START Dataset records
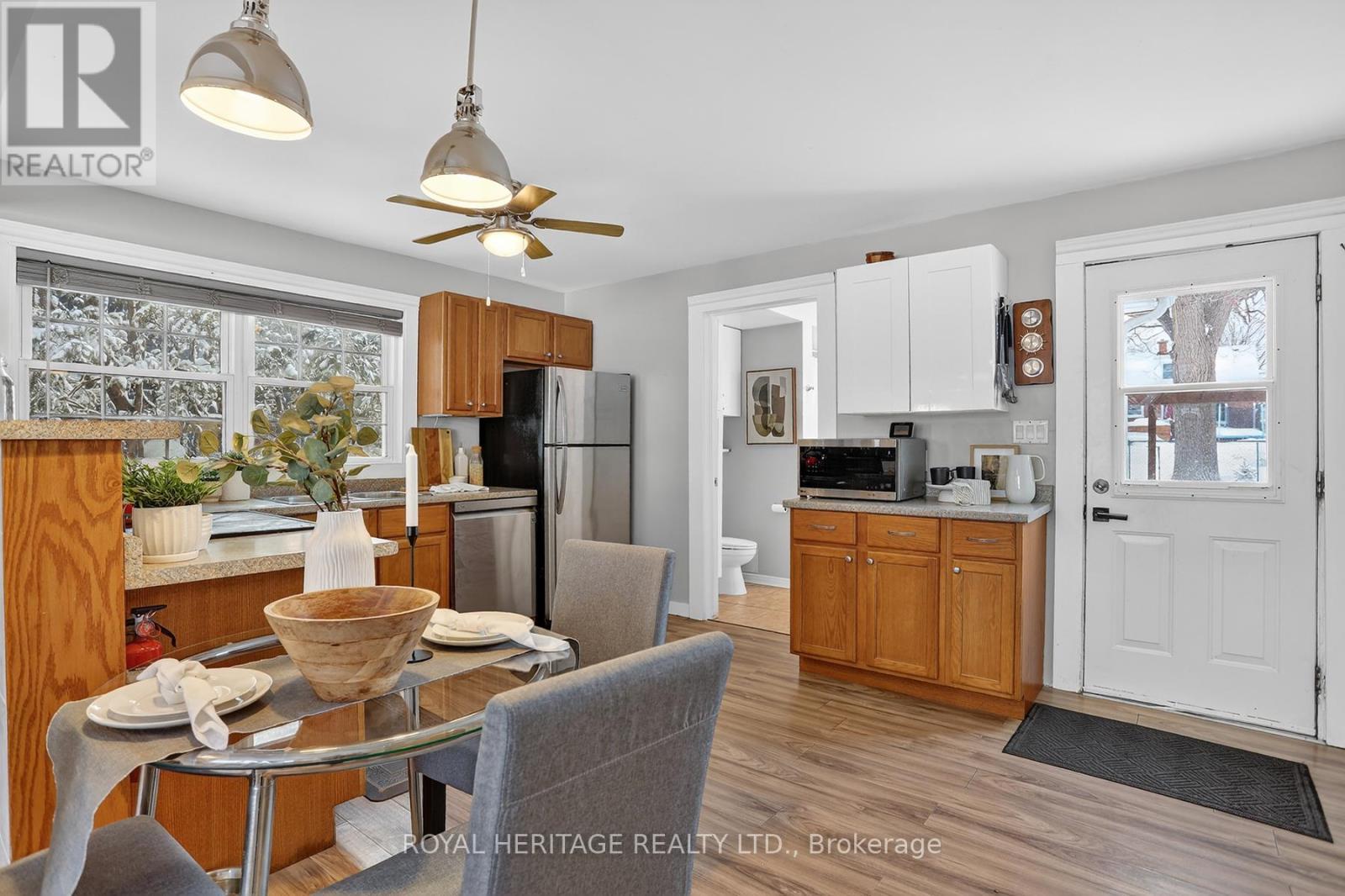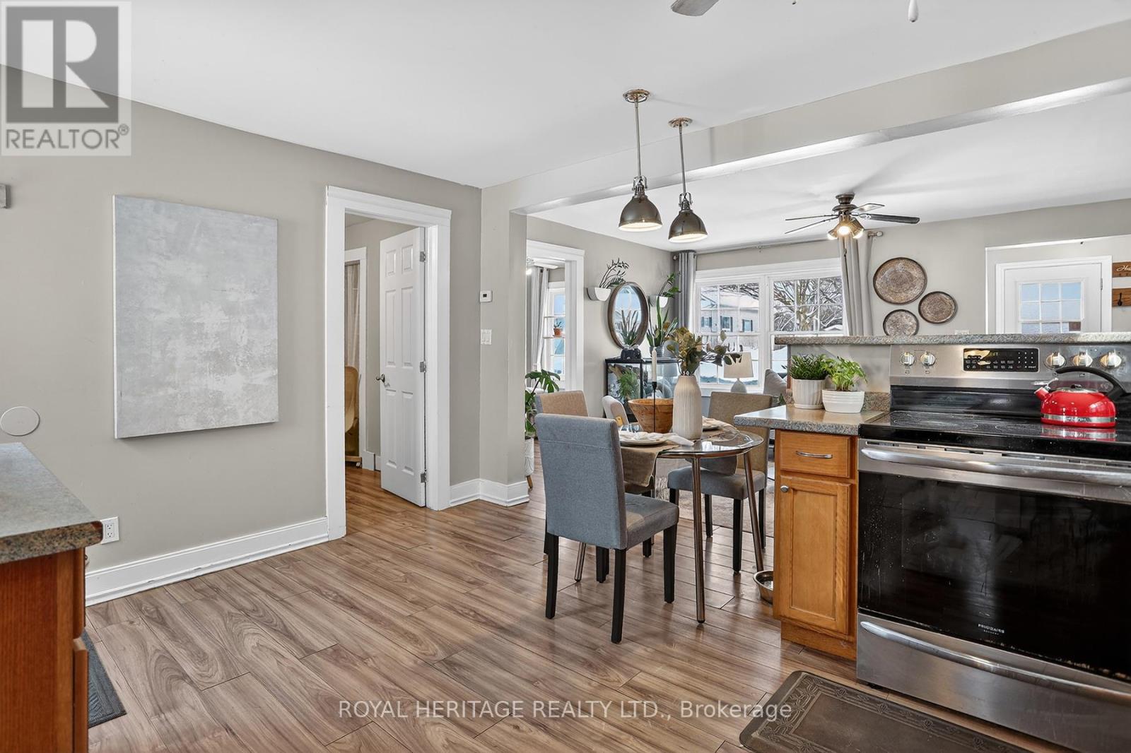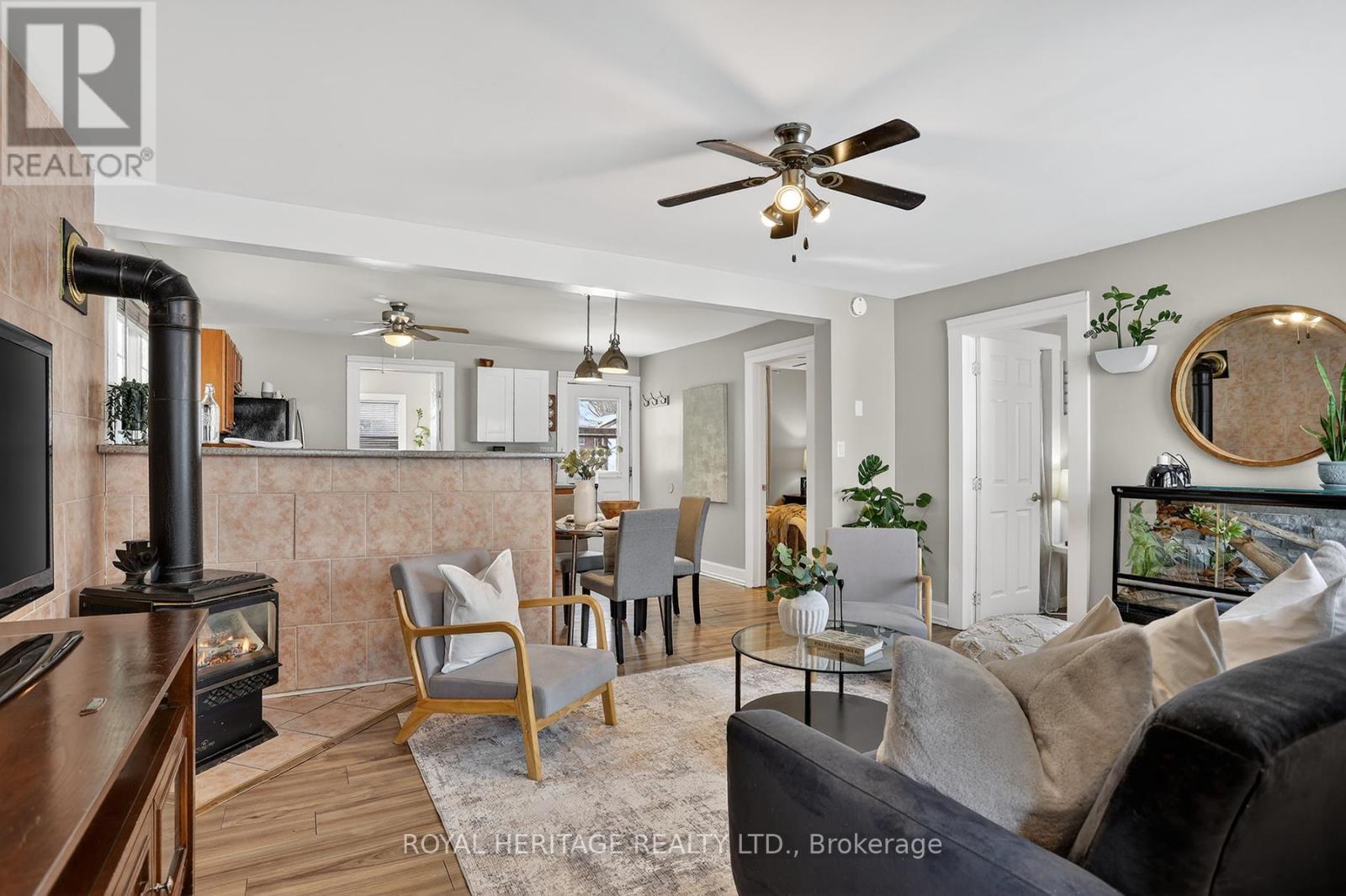 Getting into the market? Ready to downsize? This charming home is perfect and in an awesome location! Walking distance to shops, Trinity College, close to downtown yet situated in a quiet, family friendly neighbourhood. Easy access to the 401 and the gorgeous waterfront and beach area of Port Hope. The fully fenced backyard is great for pets, children and warm summer evenings. Two driveways ensure ample parking. A spacious, tastefully finished bathroom also conveniently includes the laundry area. The open concept kitchen/dining and living areas provide "the" spot to snuggle in front of the fire, entertain family and friends or simply relax. Welcome home to 90 Hope St. S. (id:4555)
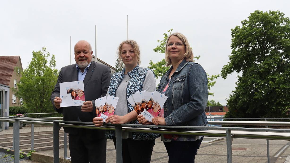 Bürgermeister Rüdiger Meier, Jugendreferentin Tina Obermeier und Christine Schmidt von der Gemeinde Kirchlengern präsentieren das Programm für die Ferienspiele. Angebote gibt es in den Bereichen Kunst, Musik und Sport. | © Jenny Westhues
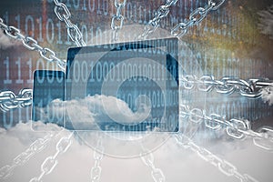 | 3d image of silver chain against clouds and binary coded computer screen |
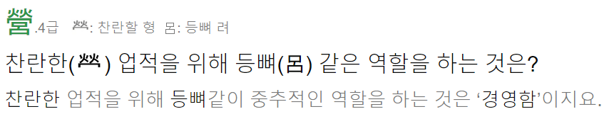 예시 : 성공(成功: 공을 이룸), 성사(成事), 달성(達成)
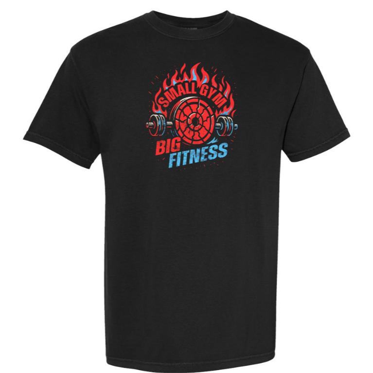 Classic black meets bold hometown pride. This Comfort Colors tee features the Small Gym Big Fitness logo with fiery Webb City Cardinals style — because Webb City is where our heart lies. Soft, relaxed, and perfect for the gym, game days, or everyday wear.
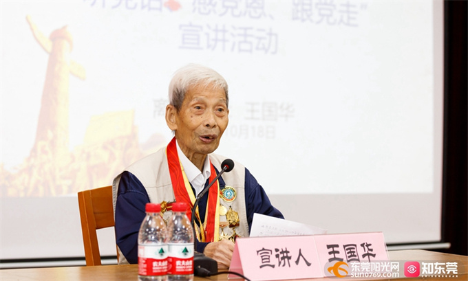 10月18日,莞城街道罗沙社区新时代文明实践站联合东莞市军休所举办“习近平新时代中国特色社会主义思想进罗沙社区——‘听党话,感党恩,跟党走’宣讲活动”,邀请现年96岁的退役军人王国华,分享军旅生涯,深入推进党史学习教育,厚植爱党爱国情怀。
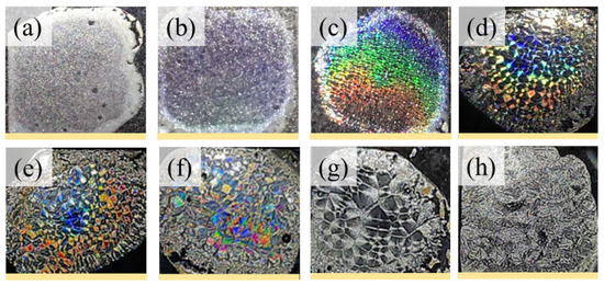 Next, the iridescent properties of the periodically banded PTT crystals (at Tc = 90–190 ℃) were tested using in-house setups. Figure 7 shows representative iridescent patterns of neat PTT films, where, in Figure 7a,b, it can be observed that the morphology of two ringless PET spherulites at 90 °C or 100 °C that do not produce photonic reflection due to the lack of an orderly structure. By contrast, for the inter-band spacing = 4 µm–15 µm, the interference coloration becomes the most intensely visible (Figure 7c–f) for PTT films crystallized at Tc = 140, 150, 160, and 165 °C, respectively. The iridescent properties are only supported by a ring-banded structural morphology. On the one hand, the color variations are observed by starting with a soft hue color for PTT with a borderline banding morphology, which can intensify upon refinement of the band regularity. In order to magnify this effect, the inter-band spacing of the PTT spherulites were custom adjusted by varying the Tc. On the other hand, the regular ring-banded morphology with large inter-band spacing (ca. ~40 µm) at Tc = 175 °C does not produce iridescence (Figure 7g). Likewise, for the ringless PTT spherulites packed with radial lamellae splashing from a central nucleus, the absence of an orderly structure makes it unable to produce iridescent coloration (Figure 7h).
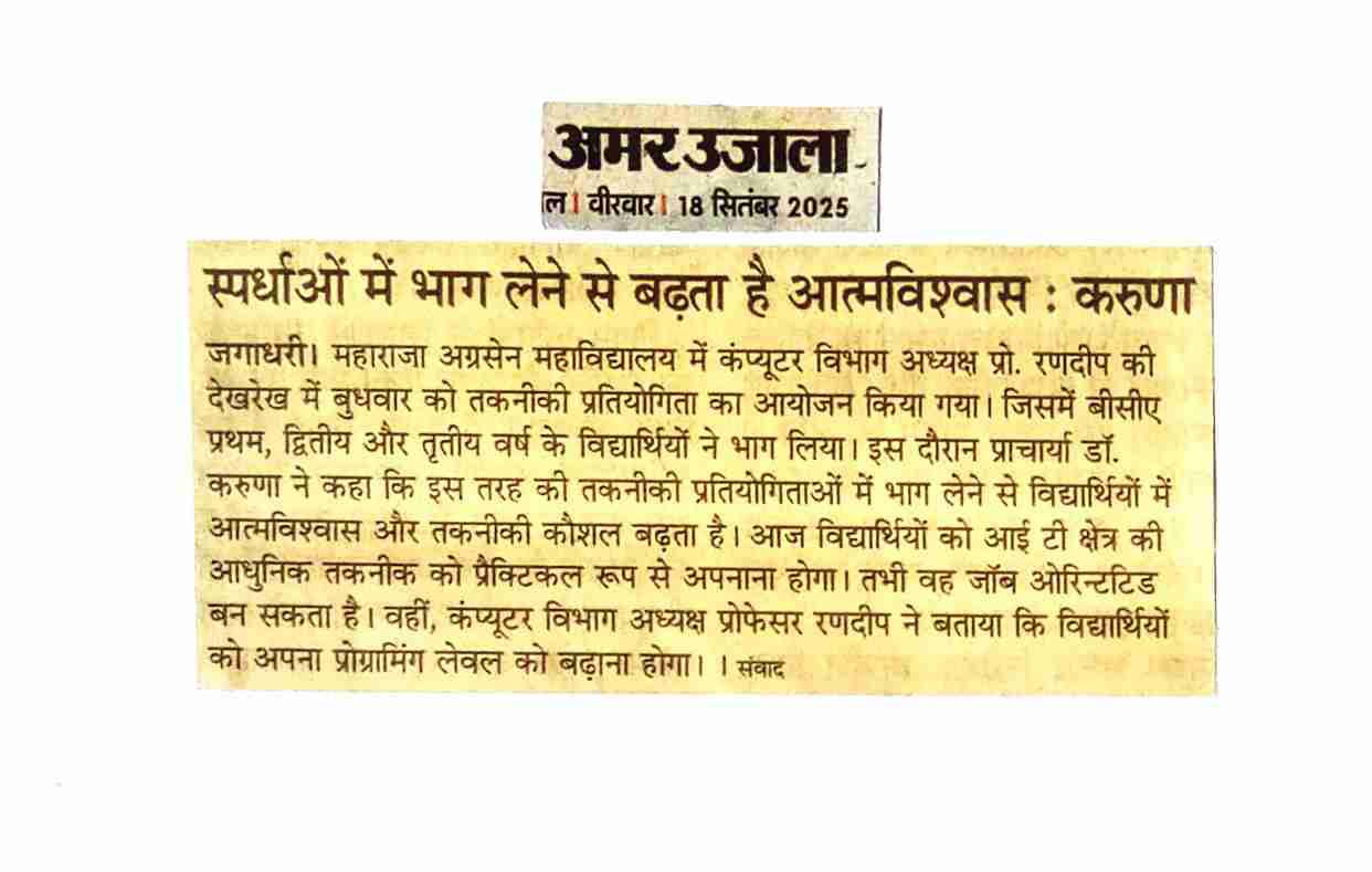 A “TECHNICAL QUIZ” WAS ORGANIZED BY DEPARTMENT OF COMPUTER SCIENCE AND APPLICATION ON 17-09-2025.
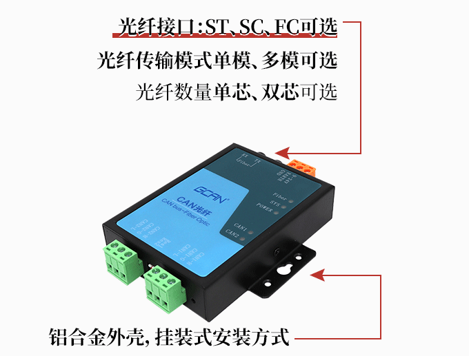 光纤接口SC、ST、FC可选
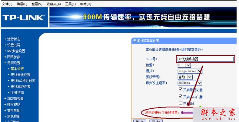 2、这里以TP-link 无线路由器为例,在左侧菜单树中点击“无线设置”—“基础设置”;
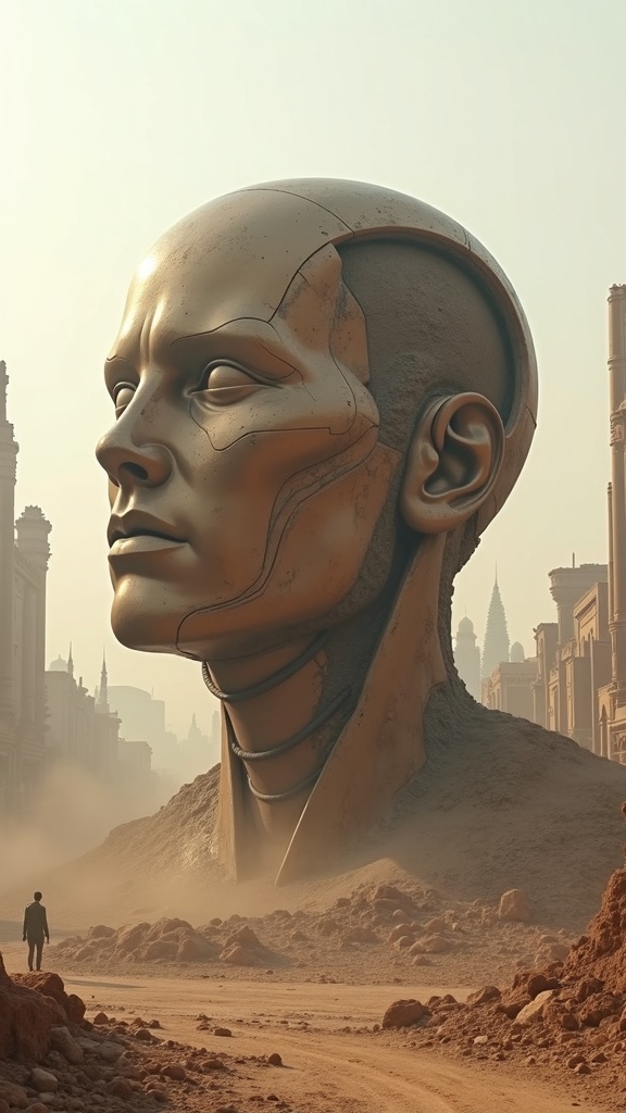 A gigantic bronze-brown android head half-excavated in a city plaza, soft dust drifting around the ruins, pale morning sky, future archaeology, monumental hero image
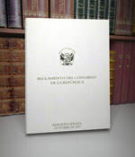 328.8505/P45/1995 Perú. Congreso. Reglamento del Congreso de la República (edición oficial) / Congreso de la República. -- Lima: Congreso del Perú, 1995. 108 p. Edición Oficial
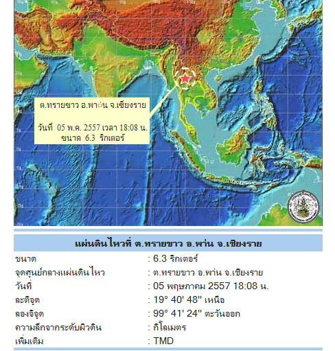 เมื่อเวลาประมาณ 18.08 น. ของวันนี้ (5 พฤษภาคม 2557) ผู้สื่อข่าวรายงานว่า เกิดเหตุแผ่นดินไหวในจังหวัดเชียงรายและพื้นที่ใกล้เคียง เช่น จ.ลำปาง จ.เชียงใหม่ จ.พะเยา วัดแรงสั่นสะเทือน (อ้างอิงจาก กรมอุตุนิยมวิทยา) ได้ 6.3 แมกนิจูด ศูนย์กลางอยู่ที่ อ.พาน จ.เชียงราย ไม่ไกลวัดร่องขุ่น ณ ความลึก 7.4 กิโลเมตร ทั้งนี้ แรงสั่นสะเทือนดังกล่าว ผู้ที่อยู่ตึกสูงในกรุงเทพฯ ก็รับรู้แรงสั่นสะเทือนด้วย
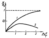 сильных полях (кривая 1 рис. 2) (M→M0 при H→∞),
END Dataset records
Task brief:
Write out the records in full and exactly, omitting the pictures they hold.

Expected answer:
 Getting into the market? Ready to downsize? This charming home is perfect and in an awesome location! Walking distance to shops, Trinity College, close to downtown yet situated in a quiet, family friendly neighbourhood. Easy access to the 401 and the gorgeous waterfront and beach area of Port Hope. The fully fenced backyard is great for pets, children and warm summer evenings. Two driveways ensure ample parking. A spacious, tastefully finished bathroom also conveniently includes the laundry area. The open concept kitchen/dining and living areas provide "the" spot to snuggle in front of the fire, entertain family and friends or simply relax. Welcome home to 90 Hope St. S. (id:4555)
 Bürgermeister Rüdiger Meier, Jugendreferentin Tina Obermeier und Christine Schmidt von der Gemeinde Kirchlengern präsentieren das Programm für die Ferienspiele. Angebote gibt es in den Bereichen Kunst, Musik und Sport. | © Jenny Westhues
 | 3d image of silver chain against clouds and binary coded computer screen |
 예시 : 성공(成功: 공을 이룸), 성사(成事), 달성(達成)
 Classic black meets bold hometown pride. This Comfort Colors tee features the Small Gym Big Fitness logo with fiery Webb City Cardinals style — because Webb City is where our heart lies. Soft, relaxed, and perfect for the gym, game days, or everyday wear.
 10月18日,莞城街道罗沙社区新时代文明实践站联合东莞市军休所举办“习近平新时代中国特色社会主义思想进罗沙社区——‘听党话,感党恩,跟党走’宣讲活动”,邀请现年96岁的退役军人王国华,分享军旅生涯,深入推进党史学习教育,厚植爱党爱国情怀。
 Next, the iridescent properties of the periodically banded PTT crystals (at Tc = 90–190 ℃) were tested using in-house setups. Figure 7 shows representative iridescent patterns of neat PTT films, where, in Figure 7a,b, it can be observed that the morphology of two ringless PET spherulites at 90 °C or 100 °C that do not produce photonic reflection due to the lack of an orderly structure. By contrast, for the inter-band spacing = 4 µm–15 µm, the interference coloration becomes the most intensely visible (Figure 7c–f) for PTT films crystallized at Tc = 140, 150, 160, and 165 °C, respectively. The iridescent properties are only supported by a ring-banded structural morphology. On the one hand, the color variations are observed by starting with a soft hue color for PTT with a borderline banding morphology, which can intensify upon refinement of the band regularity. In order to magnify this effect, the inter-band spacing of the PTT spherulites were custom adjusted by varying the Tc. On the other hand, the regular ring-banded morphology with large inter-band spacing (ca. ~40 µm) at Tc = 175 °C does not produce iridescence (Figure 7g). Likewise, for the ringless PTT spherulites packed with radial lamellae splashing from a central nucleus, the absence of an orderly structure makes it unable to produce iridescent coloration (Figure 7h).
 A “TECHNICAL QUIZ” WAS ORGANIZED BY DEPARTMENT OF COMPUTER SCIENCE AND APPLICATION ON 17-09-2025.
 光纤接口SC、ST、FC可选
 2、这里以TP-link 无线路由器为例,在左侧菜单树中点击“无线设置”—“基础设置”;
 A gigantic bronze-brown android head half-excavated in a city plaza, soft dust drifting around the ruins, pale morning sky, future archaeology, monumental hero image
 328.8505/P45/1995 Perú. Congreso. Reglamento del Congreso de la República (edición oficial) / Congreso de la República. -- Lima: Congreso del Perú, 1995. 108 p. Edición Oficial
 เมื่อเวลาประมาณ 18.08 น. ของวันนี้ (5 พฤษภาคม 2557) ผู้สื่อข่าวรายงานว่า เกิดเหตุแผ่นดินไหวในจังหวัดเชียงรายและพื้นที่ใกล้เคียง เช่น จ.ลำปาง จ.เชียงใหม่ จ.พะเยา วัดแรงสั่นสะเทือน (อ้างอิงจาก กรมอุตุนิยมวิทยา) ได้ 6.3 แมกนิจูด ศูนย์กลางอยู่ที่ อ.พาน จ.เชียงราย ไม่ไกลวัดร่องขุ่น ณ ความลึก 7.4 กิโลเมตร ทั้งนี้ แรงสั่นสะเทือนดังกล่าว ผู้ที่อยู่ตึกสูงในกรุงเทพฯ ก็รับรู้แรงสั่นสะเทือนด้วย
 сильных полях (кривая 1 рис. 2) (M→M0 при H→∞),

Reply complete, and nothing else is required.